▸ **The problem**: Your copy must hold all of the data below, unchanged and without images.
===== Data for the task =====
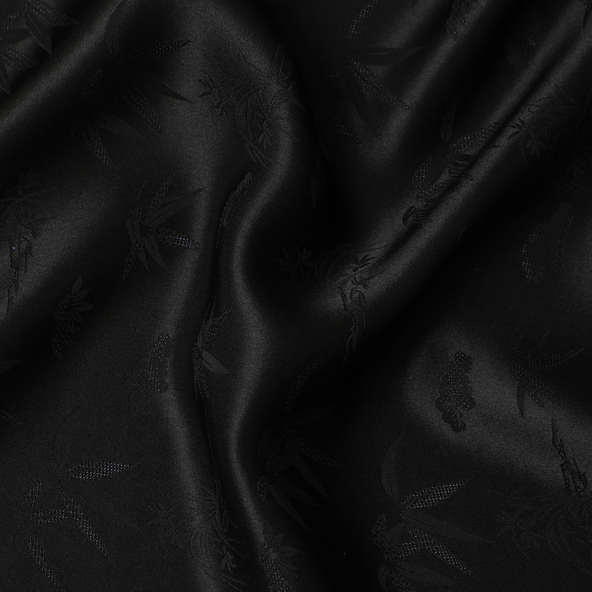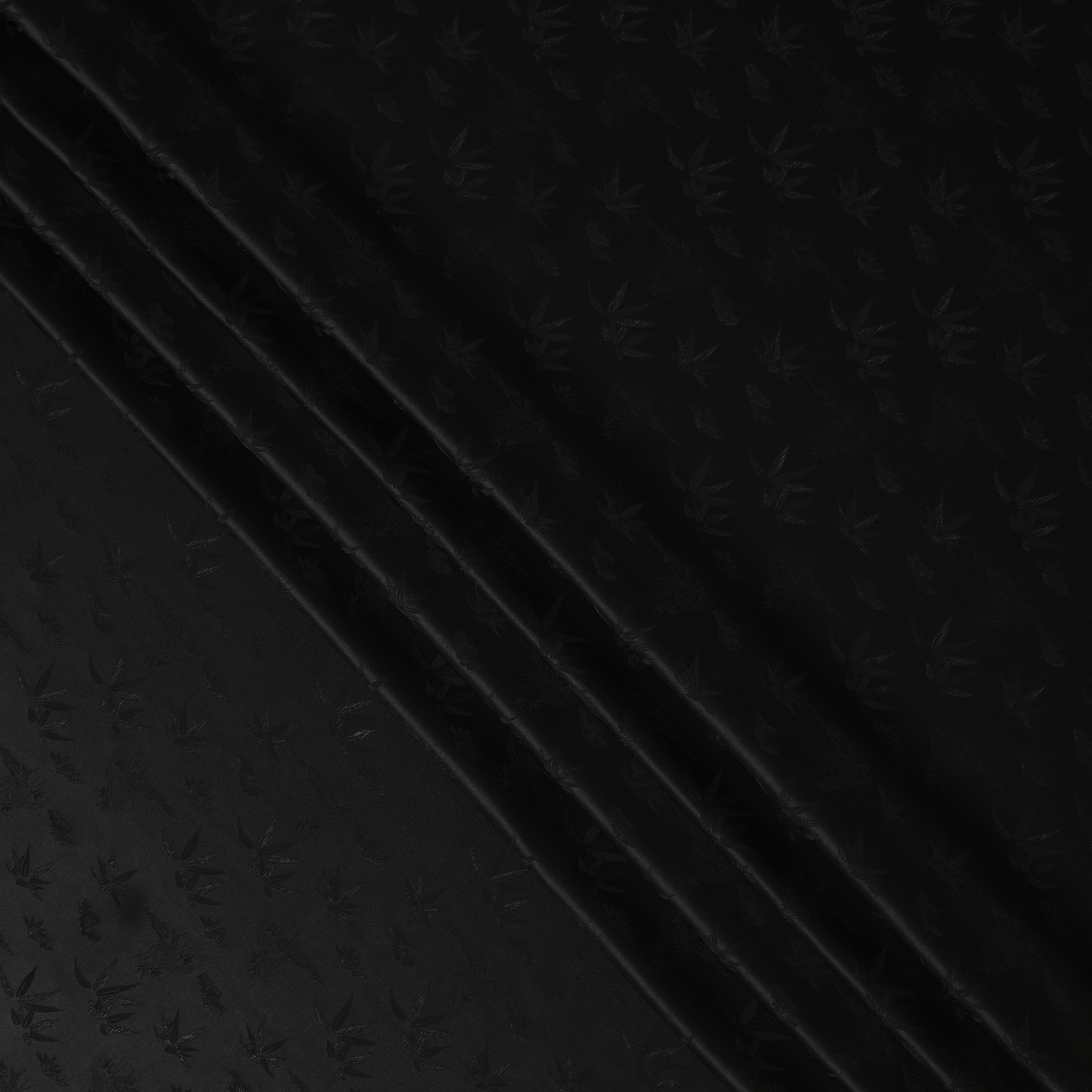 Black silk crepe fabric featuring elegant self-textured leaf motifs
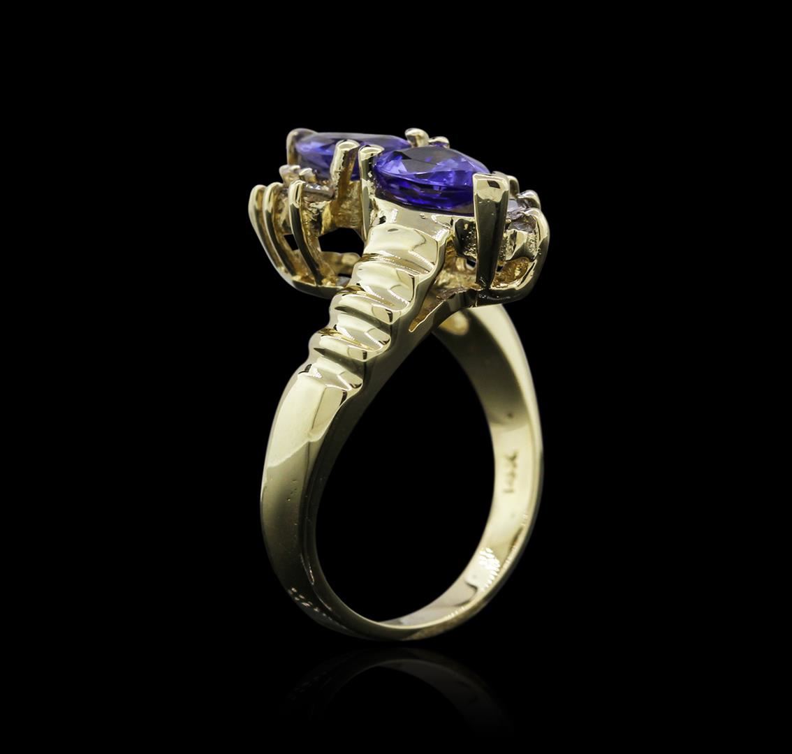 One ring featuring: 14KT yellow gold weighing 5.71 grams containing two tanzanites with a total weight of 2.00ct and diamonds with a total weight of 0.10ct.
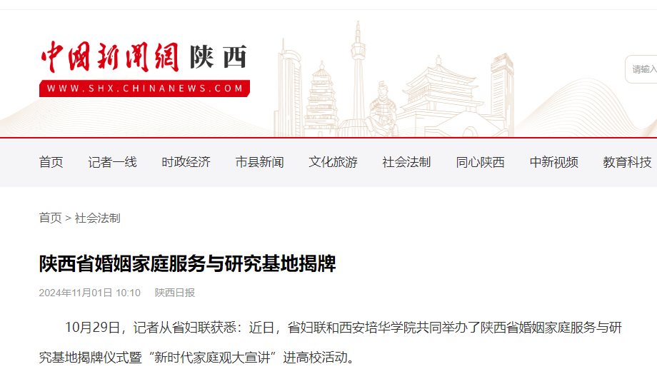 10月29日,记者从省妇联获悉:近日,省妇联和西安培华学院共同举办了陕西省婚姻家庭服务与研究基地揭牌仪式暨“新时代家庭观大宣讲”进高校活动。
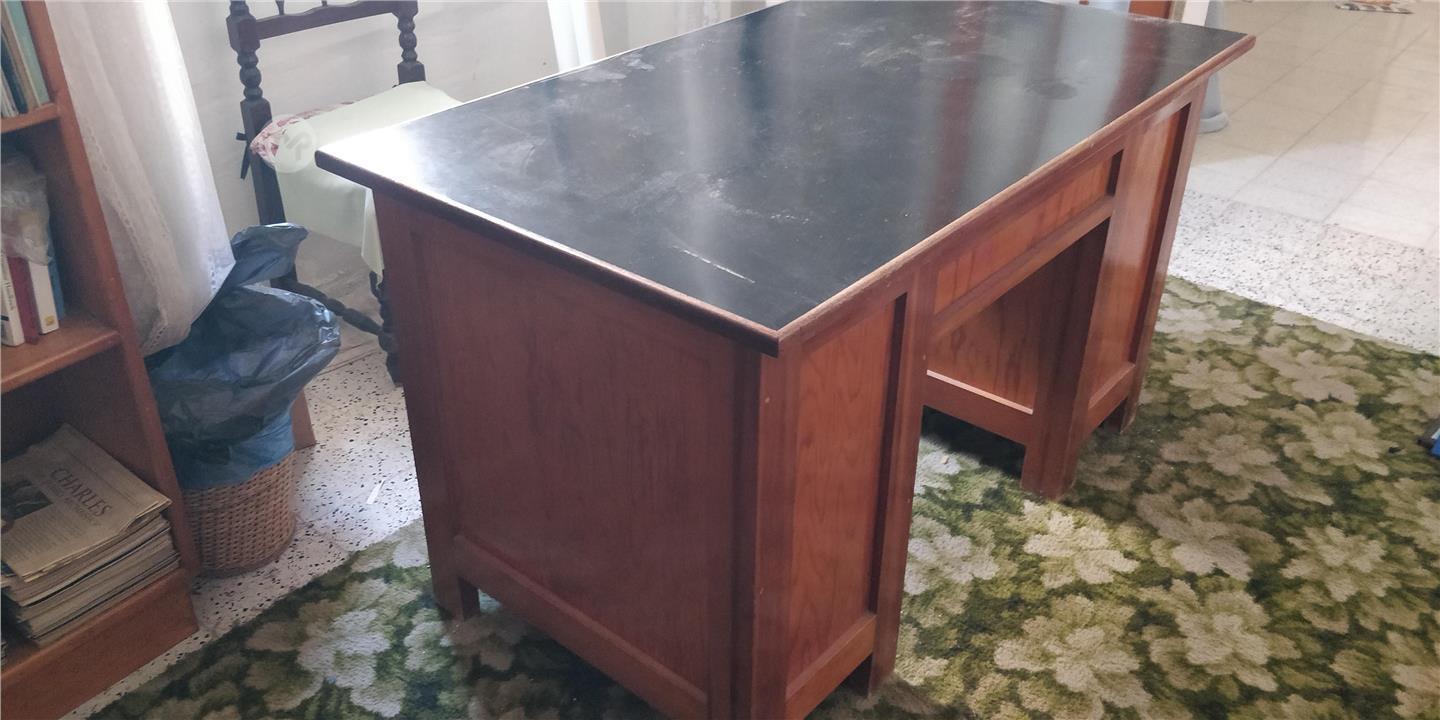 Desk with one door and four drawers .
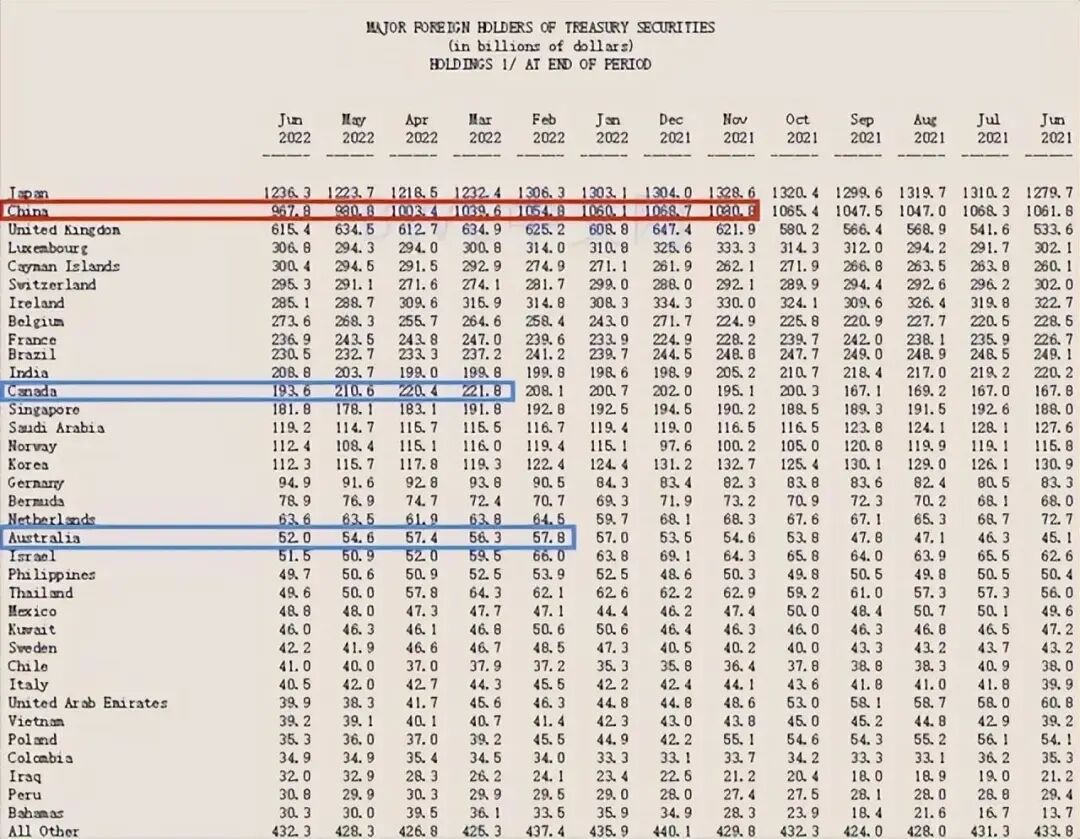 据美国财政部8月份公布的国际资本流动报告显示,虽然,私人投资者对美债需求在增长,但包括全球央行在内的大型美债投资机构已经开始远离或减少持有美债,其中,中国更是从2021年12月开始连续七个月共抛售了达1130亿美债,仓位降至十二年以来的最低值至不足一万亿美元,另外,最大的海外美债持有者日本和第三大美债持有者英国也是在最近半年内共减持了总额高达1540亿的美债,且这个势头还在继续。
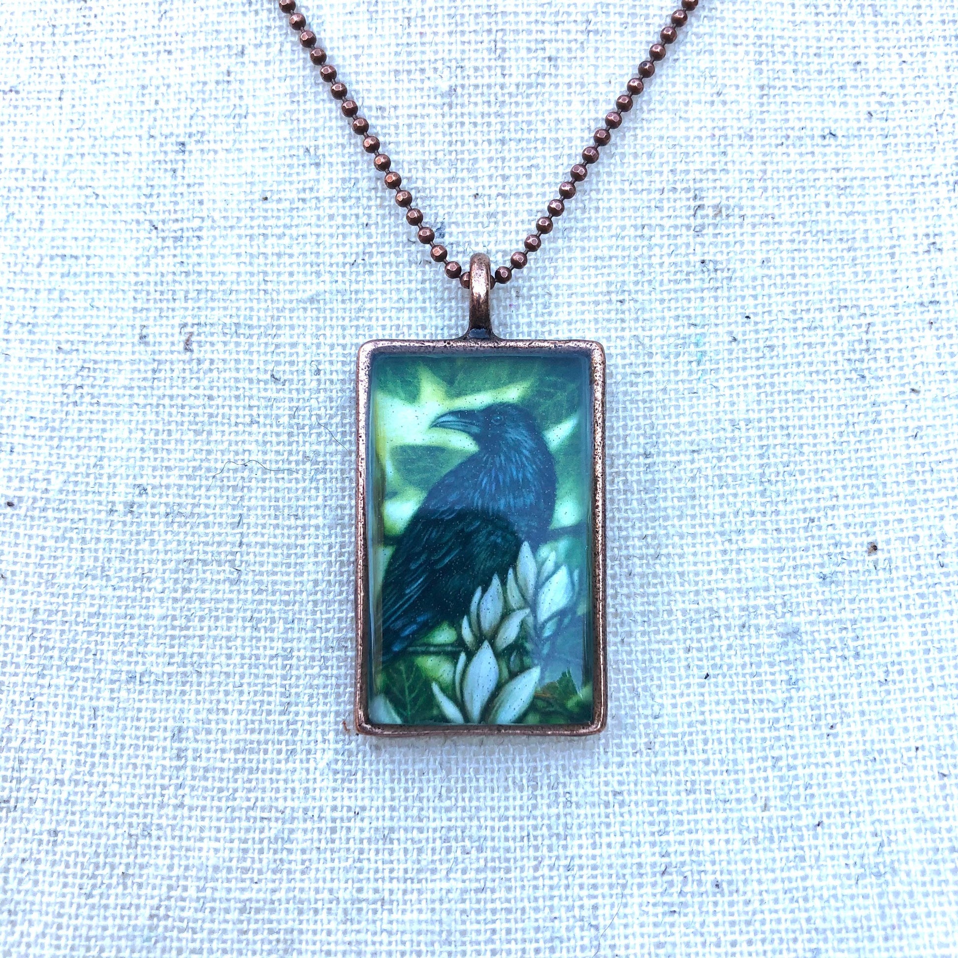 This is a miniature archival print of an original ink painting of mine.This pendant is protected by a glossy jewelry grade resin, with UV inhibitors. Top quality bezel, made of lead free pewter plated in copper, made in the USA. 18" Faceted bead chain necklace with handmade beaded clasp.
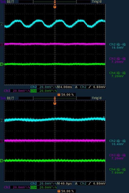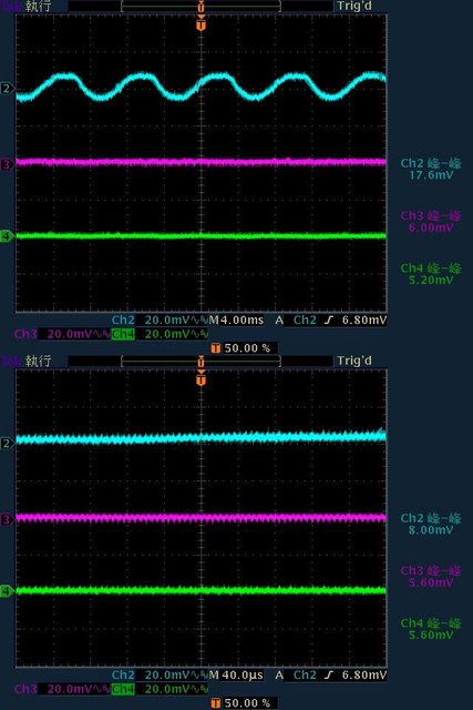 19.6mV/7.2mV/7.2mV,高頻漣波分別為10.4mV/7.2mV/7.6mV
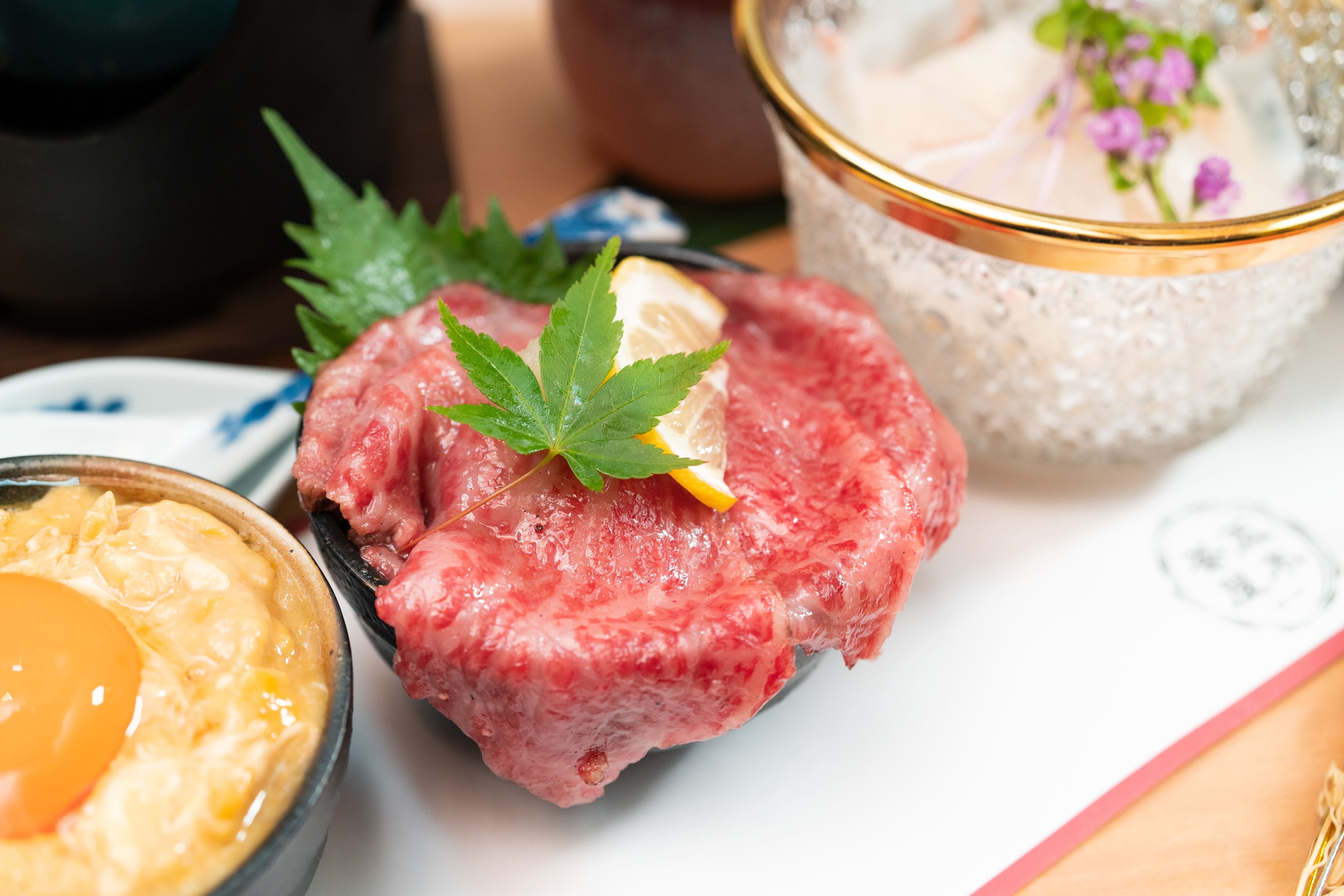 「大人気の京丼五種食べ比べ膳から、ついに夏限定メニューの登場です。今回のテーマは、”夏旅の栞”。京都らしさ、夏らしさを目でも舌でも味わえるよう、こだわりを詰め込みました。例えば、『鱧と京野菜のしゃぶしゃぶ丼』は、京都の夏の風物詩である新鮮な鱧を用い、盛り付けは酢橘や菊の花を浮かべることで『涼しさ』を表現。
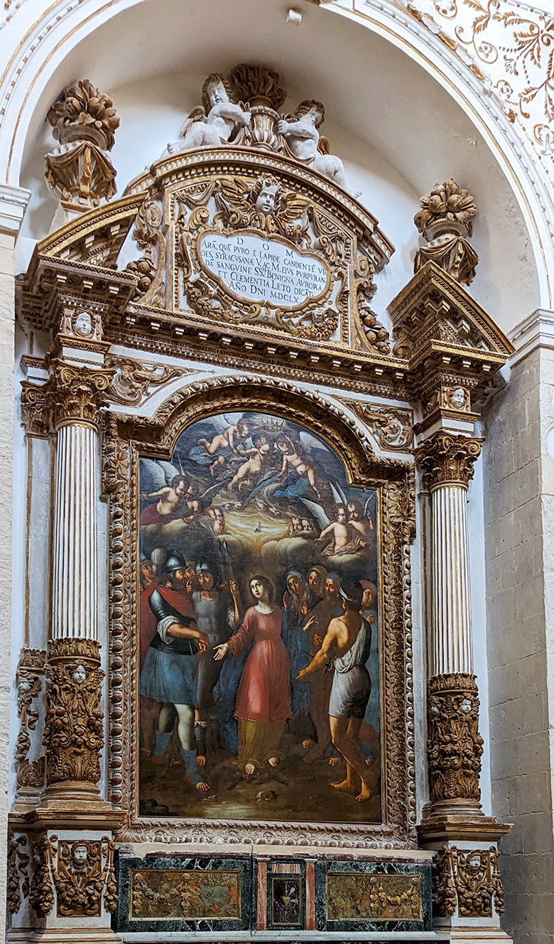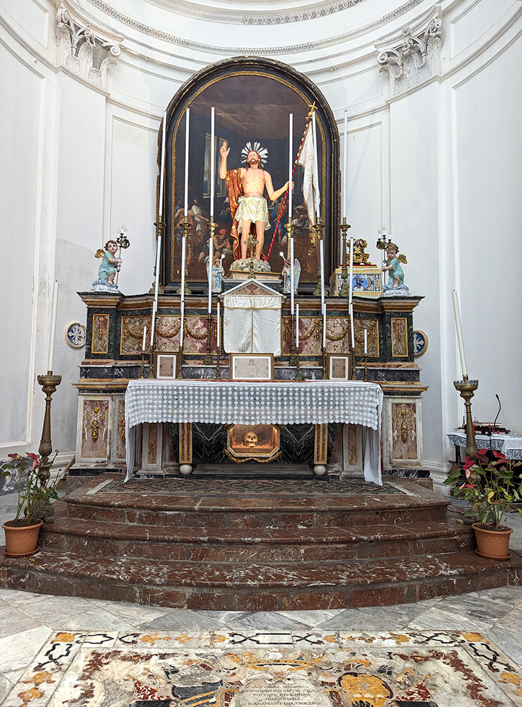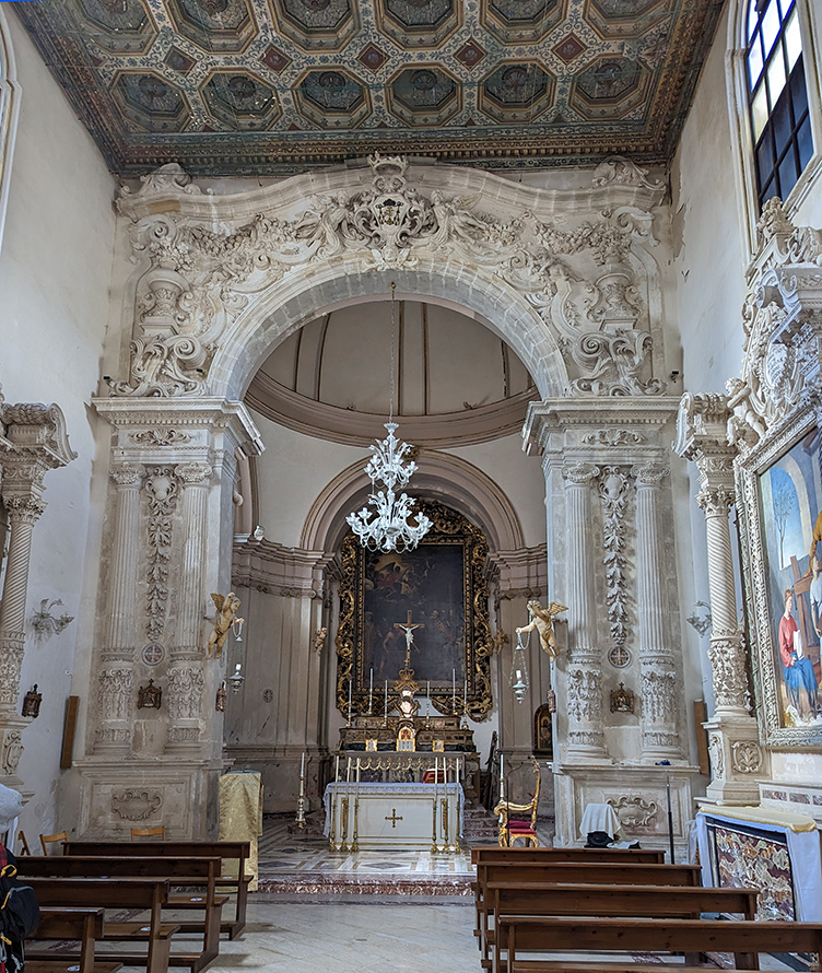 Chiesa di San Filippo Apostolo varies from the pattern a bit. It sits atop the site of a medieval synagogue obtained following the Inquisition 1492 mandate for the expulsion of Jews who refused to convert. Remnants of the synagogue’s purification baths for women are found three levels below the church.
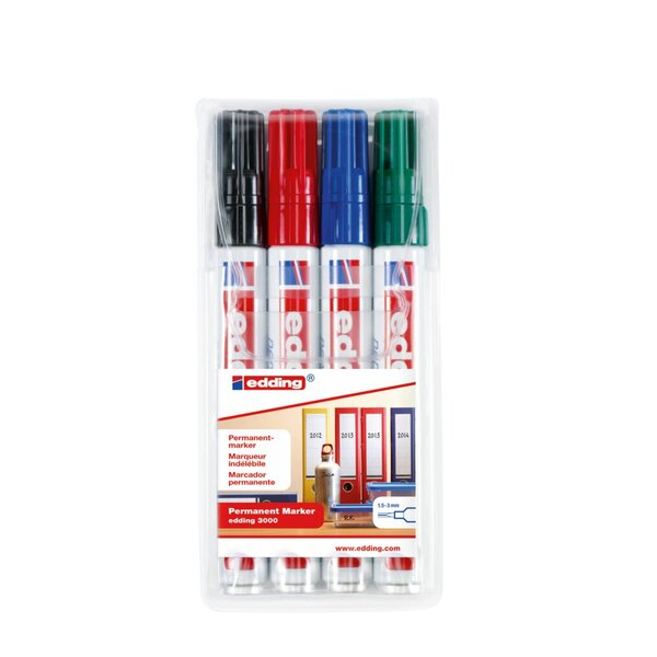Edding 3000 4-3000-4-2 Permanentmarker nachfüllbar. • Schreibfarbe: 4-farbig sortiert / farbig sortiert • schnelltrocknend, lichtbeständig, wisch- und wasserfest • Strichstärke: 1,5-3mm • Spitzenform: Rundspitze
=====
▸ **The completed task**:
 Black silk crepe fabric featuring elegant self-textured leaf motifs
 One ring featuring: 14KT yellow gold weighing 5.71 grams containing two tanzanites with a total weight of 2.00ct and diamonds with a total weight of 0.10ct.
 10月29日,记者从省妇联获悉:近日,省妇联和西安培华学院共同举办了陕西省婚姻家庭服务与研究基地揭牌仪式暨“新时代家庭观大宣讲”进高校活动。
 Desk with one door and four drawers .
 据美国财政部8月份公布的国际资本流动报告显示,虽然,私人投资者对美债需求在增长,但包括全球央行在内的大型美债投资机构已经开始远离或减少持有美债,其中,中国更是从2021年12月开始连续七个月共抛售了达1130亿美债,仓位降至十二年以来的最低值至不足一万亿美元,另外,最大的海外美债持有者日本和第三大美债持有者英国也是在最近半年内共减持了总额高达1540亿的美债,且这个势头还在继续。
 This is a miniature archival print of an original ink painting of mine.This pendant is protected by a glossy jewelry grade resin, with UV inhibitors. Top quality bezel, made of lead free pewter plated in copper, made in the USA. 18" Faceted bead chain necklace with handmade beaded clasp.
 19.6mV/7.2mV/7.2mV,高頻漣波分別為10.4mV/7.2mV/7.6mV
 「大人気の京丼五種食べ比べ膳から、ついに夏限定メニューの登場です。今回のテーマは、”夏旅の栞”。京都らしさ、夏らしさを目でも舌でも味わえるよう、こだわりを詰め込みました。例えば、『鱧と京野菜のしゃぶしゃぶ丼』は、京都の夏の風物詩である新鮮な鱧を用い、盛り付けは酢橘や菊の花を浮かべることで『涼しさ』を表現。
 Chiesa di San Filippo Apostolo varies from the pattern a bit. It sits atop the site of a medieval synagogue obtained following the Inquisition 1492 mandate for the expulsion of Jews who refused to convert. Remnants of the synagogue’s purification baths for women are found three levels below the church.
Edding 3000 4-3000-4-2 Permanentmarker nachfüllbar. • Schreibfarbe: 4-farbig sortiert / farbig sortiert • schnelltrocknend, lichtbeständig, wisch- und wasserfest • Strichstärke: 1,5-3mm • Spitzenform: Rundspitze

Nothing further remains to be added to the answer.